?openAI framework for POMDP and reward discounting problem


#1

Hi all,
I created a simple gym environment with a mock game think scrabble, but with betting like blackjack.
(i know brilliant).

Overview:
Essentially the observable state is what the scrabble board shows, what YOUR private tiles are and how much can you win if you play the winning tile combo. Action space is: Discrete(10) and Box(0,100)
The game is essentially partially observable/incomplete markov process. You get no reward until game is done. Each game has a different number of moves.

_reset: sets the board to blank, gives each player a tile, and restores available cash
_step(action): if action is valid, tile is played and x amount $ are wagered.
^
L returns nextState (tiles, money, board), reward (only if game is done you get the cash if you won or -cash if you lost) , isGameDone

My Problem
You can’t simply sample states (from which you then choose a random action) and see what happens.
The reason you can’t randomly sample is that you have to play up to a state in order for it to be "realistic"
Does that make sense?

My Question

  1. In the expert opinion, what do you think would be best approach in training such an agent that operates in the realm of incomplete information such as in my game?
  2. Is there a clever way to discount rewards over moves that is not linear?
    • in my game your reward is money-you-wagered x2 during game, where each move played has a differing amount of money wagered (i.e. 5 moves, money wagered 0,10,0,0,20 for a total of 30 wagered).

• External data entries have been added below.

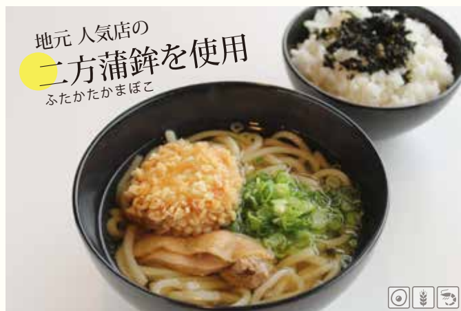
地元 人気店の 二方蒲鉾を使用 ふたかたかまぼこ エビまる天うどん & しそわかめ御飯 ¥1280 (エビまる天うどん 単品 ¥1180)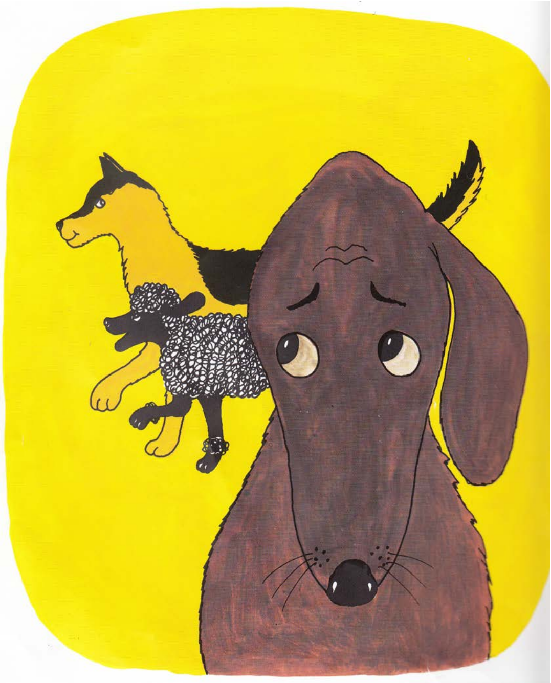
Kuva 2. Pekka Töpöhännän kuvitus vahvistaa tekstin herättämää myötätuntoa hahmoja kohtaan. (Gösta Knutsson: Pekka Töpöhännän ystävä)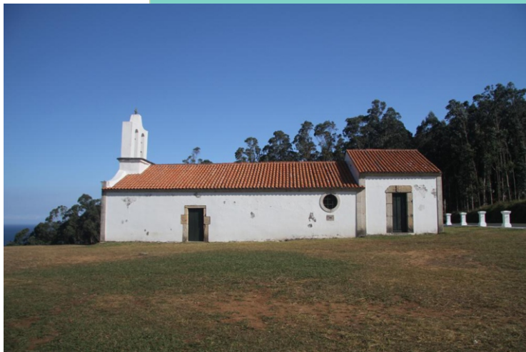
Capela de San Antonio de Corveiro e miradoiro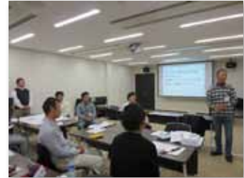
TAMA NEXT ファーマーズプログラム 講義風景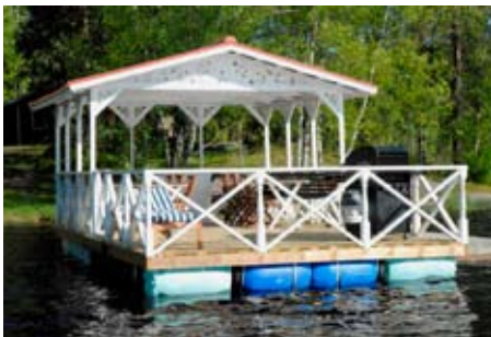
Vi erbjuder en flottfärd på upp till tre timmar runt sjön, bland annat till Brudberget och Tattarsundet. Vi kan servera kaffe eller grillbuffé. Det finns också möjlighet att ta med egen mat.

Bergshanteringen dominerade bygden under flera sekel. 1800-talet präglades av jordbruk och hantverk. Idag dominerar småföretagsverksamhet. Det finns påtagliga spår och minnesmärken från hela denna fantastiska utveckling. Besök Närkesberg kan erbjuda guidade kulturhistoriska vandringar och byavandringar specialarrangerade för besöksgrupper.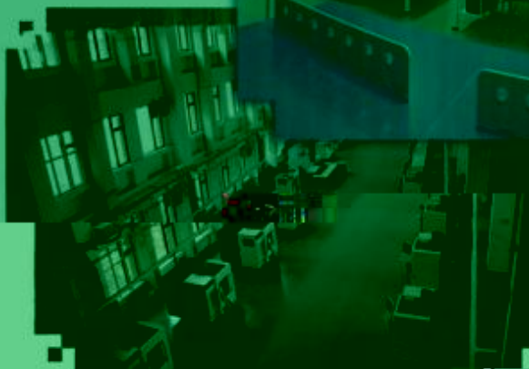
DMG 数控技术 训练场所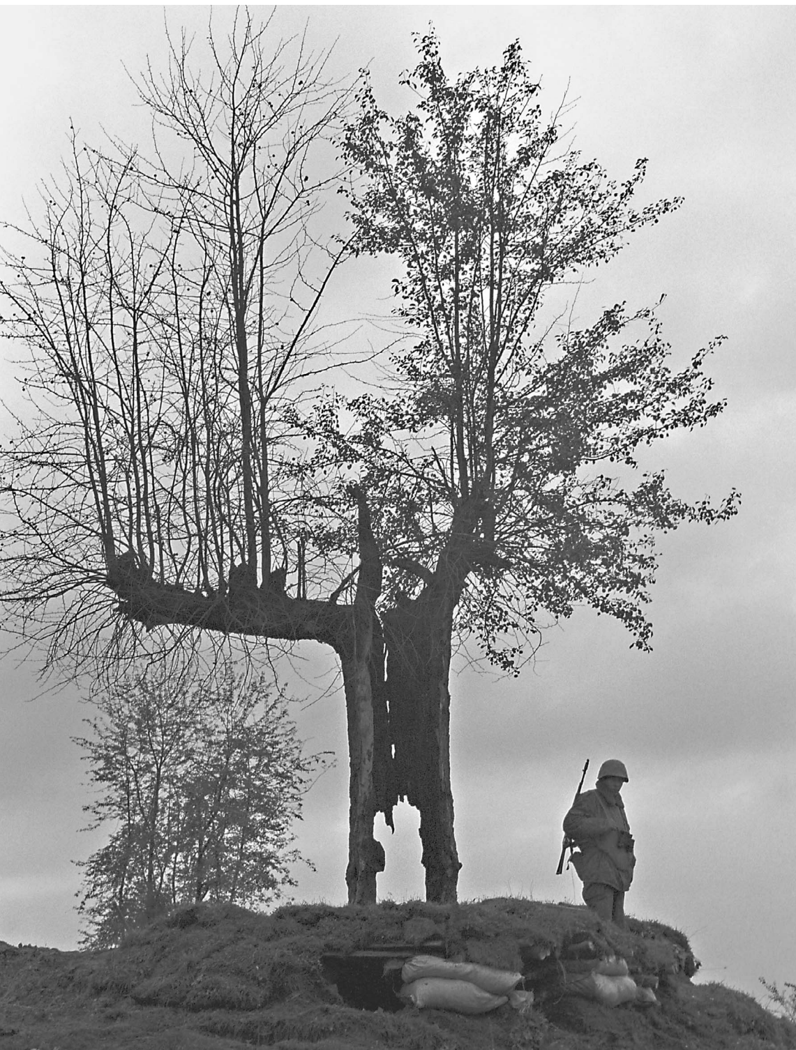
«ДЕРЕВО ВОЙНЫ». Блокпост в Веденском районе. Окрестности села Киров-Юрт. 2000 год

В Чечне завершена антитеррористическая операция

Incoherent thought (skip this)
I have massive amounts of compute power (4x 1080 and 32 threads) on my desktop. I started writing a coda kernel that uses a simple neural network, with the goal of doing monte carlo.

ie. with given policy play x moves vs opponent using same policy, permuting the tiles he was given.
then play move that has best score, and continue until game over.
=> when x monte carlo sampled games are played, retrain the policy on new games as the desired
optimal moves.

(after reading Dr Sutton’s Book, in record time might I add, I realized I am not the smartest man in world). Hence I would like to work with the openAI package if possible, but I am not exactly sure if it would be applicable to my problem above, but CUDA is oh so very annoying please help a newb out.


#2

Addendum:
figured out the solution for my problem.

Ultimately, the results of trying to solve a continuous action-space were infinitely less impressive than chopping up the action space into n-available bins.

IMHO (not doing calculus aint nobody got time for that) as the number of bins goes towards infinity, you should be able to have a solution for a continuous control problem using discrete steps of 1/n.

And it also seems possible to chop up the action space into a very small number of bins initially and then as you discover the most promising/hot-zone bin, you can divide it up into more bins/buckets, meaning you don’t have to sample the action space uniformly. Will this get you stuck in local minima? Spoiler (oh yea). However, the problem becomes small enough that you can re-assure yourself that you are not in a local minima in real-time.